AIM OF THE EXERCISE:
The lines below starting at the line containing "Если разрыв раздела" and ending at the line containing "History of Object: Group" are to be repeated exactly, with both ends kept and nothing else added.

DATA TO EXAMINE:

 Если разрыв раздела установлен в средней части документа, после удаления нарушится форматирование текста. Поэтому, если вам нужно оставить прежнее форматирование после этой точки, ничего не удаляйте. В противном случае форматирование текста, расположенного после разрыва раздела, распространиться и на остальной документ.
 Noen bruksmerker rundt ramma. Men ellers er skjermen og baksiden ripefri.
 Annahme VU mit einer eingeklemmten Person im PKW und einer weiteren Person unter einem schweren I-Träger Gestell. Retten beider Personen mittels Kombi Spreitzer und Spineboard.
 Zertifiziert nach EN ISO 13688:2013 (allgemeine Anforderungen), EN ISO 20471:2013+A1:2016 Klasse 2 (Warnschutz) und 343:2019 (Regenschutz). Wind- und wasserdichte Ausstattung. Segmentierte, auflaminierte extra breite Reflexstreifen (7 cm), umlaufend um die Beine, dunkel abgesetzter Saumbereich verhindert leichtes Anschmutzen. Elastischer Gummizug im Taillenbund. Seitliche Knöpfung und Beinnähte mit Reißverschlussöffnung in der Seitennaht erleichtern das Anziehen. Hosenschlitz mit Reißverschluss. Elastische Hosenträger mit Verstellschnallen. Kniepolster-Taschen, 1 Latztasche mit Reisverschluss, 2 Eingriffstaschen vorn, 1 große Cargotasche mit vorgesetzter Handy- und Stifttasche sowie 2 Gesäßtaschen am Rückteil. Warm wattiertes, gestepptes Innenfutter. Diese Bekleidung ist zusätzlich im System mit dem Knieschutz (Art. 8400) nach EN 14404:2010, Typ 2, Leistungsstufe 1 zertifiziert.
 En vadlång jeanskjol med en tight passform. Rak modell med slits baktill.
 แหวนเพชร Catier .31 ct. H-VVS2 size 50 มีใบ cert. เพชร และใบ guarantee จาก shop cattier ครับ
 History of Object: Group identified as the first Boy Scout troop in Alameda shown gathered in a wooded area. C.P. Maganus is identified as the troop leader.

--

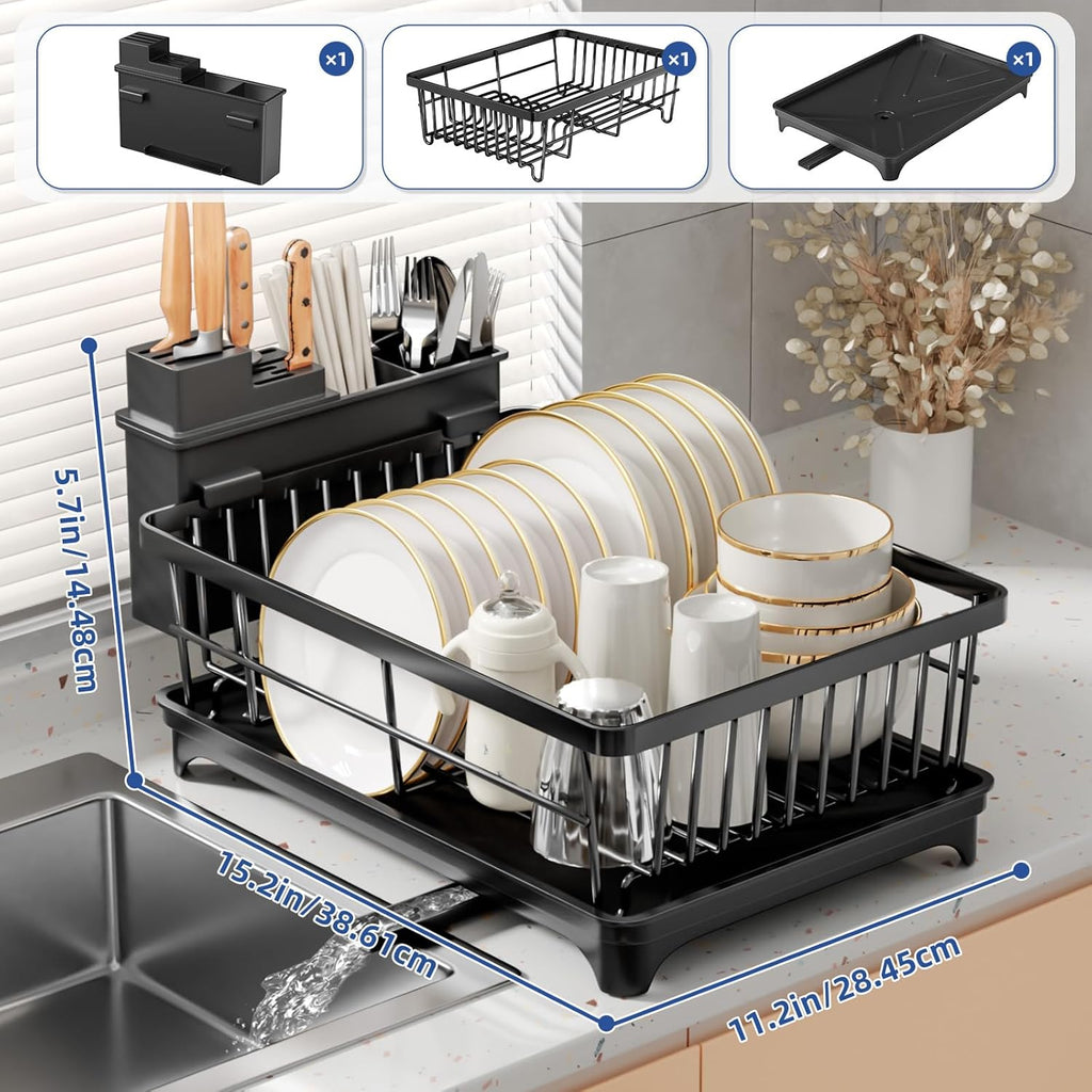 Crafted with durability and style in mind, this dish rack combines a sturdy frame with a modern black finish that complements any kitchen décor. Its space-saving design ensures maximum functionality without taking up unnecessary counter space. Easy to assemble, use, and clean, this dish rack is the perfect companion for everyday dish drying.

FINAL ANSWER:
 Если разрыв раздела установлен в средней части документа, после удаления нарушится форматирование текста. Поэтому, если вам нужно оставить прежнее форматирование после этой точки, ничего не удаляйте. В противном случае форматирование текста, расположенного после разрыва раздела, распространиться и на остальной документ.
 Noen bruksmerker rundt ramma. Men ellers er skjermen og baksiden ripefri.
 Annahme VU mit einer eingeklemmten Person im PKW und einer weiteren Person unter einem schweren I-Träger Gestell. Retten beider Personen mittels Kombi Spreitzer und Spineboard.
 Zertifiziert nach EN ISO 13688:2013 (allgemeine Anforderungen), EN ISO 20471:2013+A1:2016 Klasse 2 (Warnschutz) und 343:2019 (Regenschutz). Wind- und wasserdichte Ausstattung. Segmentierte, auflaminierte extra breite Reflexstreifen (7 cm), umlaufend um die Beine, dunkel abgesetzter Saumbereich verhindert leichtes Anschmutzen. Elastischer Gummizug im Taillenbund. Seitliche Knöpfung und Beinnähte mit Reißverschlussöffnung in der Seitennaht erleichtern das Anziehen. Hosenschlitz mit Reißverschluss. Elastische Hosenträger mit Verstellschnallen. Kniepolster-Taschen, 1 Latztasche mit Reisverschluss, 2 Eingriffstaschen vorn, 1 große Cargotasche mit vorgesetzter Handy- und Stifttasche sowie 2 Gesäßtaschen am Rückteil. Warm wattiertes, gestepptes Innenfutter. Diese Bekleidung ist zusätzlich im System mit dem Knieschutz (Art. 8400) nach EN 14404:2010, Typ 2, Leistungsstufe 1 zertifiziert.
 En vadlång jeanskjol med en tight passform. Rak modell med slits baktill.
 แหวนเพชร Catier .31 ct. H-VVS2 size 50 มีใบ cert. เพชร และใบ guarantee จาก shop cattier ครับ
 History of Object: Group identified as the first Boy Scout troop in Alameda shown gathered in a wooded area. C.P. Maganus is identified as the troop leader.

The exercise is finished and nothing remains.